A high percentage of Indian stocks have generated over 20 per cent CAGR in the last 20 years in US dollar terms, according to a study. In comparison with China, US and Japan, this performance was outlandish, beating the return produced by them by a huge mile.
“In a 20-year period, 23 per cent of BSE 500’s companies generated 20 per cent+ dollar CAGR versus 1 per cent or fewer in the other three indices,” revealed a study by IIFL Institutional Equity Research.
BSE-500 continues to be made up of very strong return generators — of the current 500 constituents, 267 were in existence 20 years ago, and of those, 60 per cent generated more than 20 per cent returns. The corresponding numbers for the indices of other countries are in single digits, it said. In other words, a dollar invested in each of the stocks of the BSE 500 would have totalled up to $1,445 whereas it would have been $1,381 for S&P500.

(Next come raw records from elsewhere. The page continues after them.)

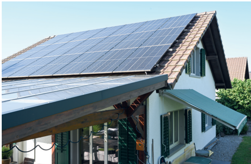
Integration von Solarstrom ins Wohngebäude: ein Grundpfeiler der Energiewende.

Nun gibt es aber auch das intelligente Stromnetz nicht umsonst und auch hier müssen zunächst noch Antworten auf dringende Fragen gefunden werden. So fehlt bisher eine einheitliche Schnittstelle, über welche Elektrizitätswerke und Verbraucher miteinander kommunizieren können. Zudem ist bislang nicht geklärt, wie Wärmepumpen oder E-Ladestationen als Verbrau-
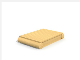
XL.3.01.04 Remorque plateforme
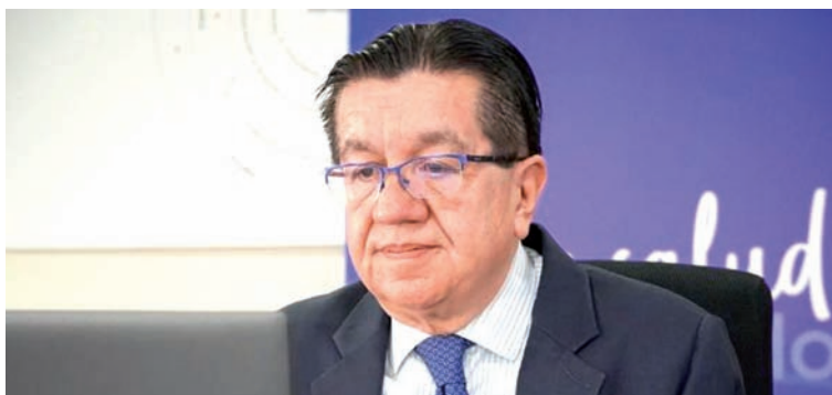
Fernando Ruiz, ministro de Salud, confirmó 11 casos de viruela del mono en Colombia, 10 provienen del exterior.

“Es una enfermedad que se caracteriza por la presencia de unas lesiones en la piel, parecidas a la varicela, las cuales se presentan y duran aproximadamente de dos a tres semanas y que se
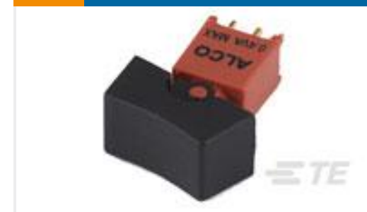
TE 系列/零件编号2267088-4 RAD1R102M6QES
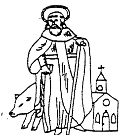
GILDE ST. ANTONIUS APT LIEROP

2 Tafel. Thema werd de avond voort- gezet onder de blanke klanke van muziek met een dans en een draagje Mariakapel. In samenwerking met het o.l.v. gilde werd begin mei be- gonnen met de renovatie van de Maria- kapel. Op zondag 6 september werd deze met daarin een nieuw Maria beeld door pastoor Kemmer ingezegend. Hierbij waren naast de volksallege gilden ook de Eunice. Ond. Indigingen aanwezig.
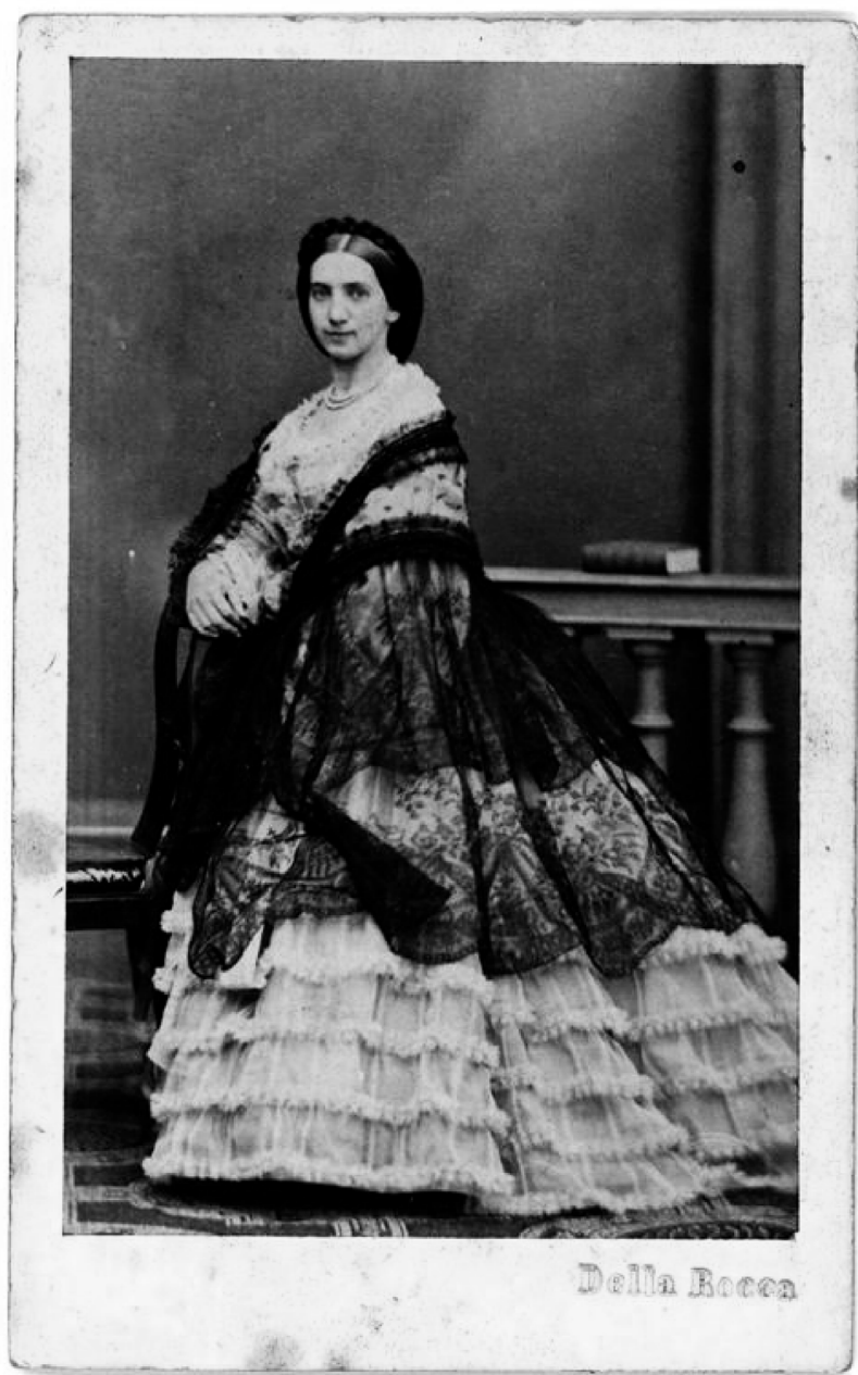
Figura 11: Princesa Della Rocca.

Industrials, materials lead
Industrials and materials have done the best, but even the lowest-return sector — real estate — has delivered much more than equal-weight portfolios (EWP) from the other indices, according to the study. An EWP in BSE 500 would have returned 20 per cent vs 5.3-9.5 per cent in the others.
Adani Enterprises, Bajaj Finance, Titan Co, SRF, Havells India and Kajaria Ceramics were the top performers with returns ranging from 35 per cent to 50 per cent.
While the BSE 500 index grew 20.3 per cent in 20-year timeframe, US-500, Shanghai Comp and Topix500 gave 9.5 per cent, 7.5 per cent and 5.3 per cent growth, respectively.
“We show than Indian stock returns’ superiority is regardless of 20-year/10-year/5-year frame, or hit ratio measured on the original index companies or current, or on EWP returns. A counter argument could be that India was a small market back then, but even now India is only 3 per cent of global m-cap,” it clarified.
“We applied the number of companies for which there is 20-year data as the denominator mainly since the Shanghai Composite has had the number of index constituents rise 2.6x in 20 years. So this was one way to make the proportions comparable,” IIFL Research said.
Several factors such as strong bank balance sheets and regulation, a decade of corporate deleveraging and a supportive policy environment will ensure that the outperformance will continue, the domestic brokerage firm said.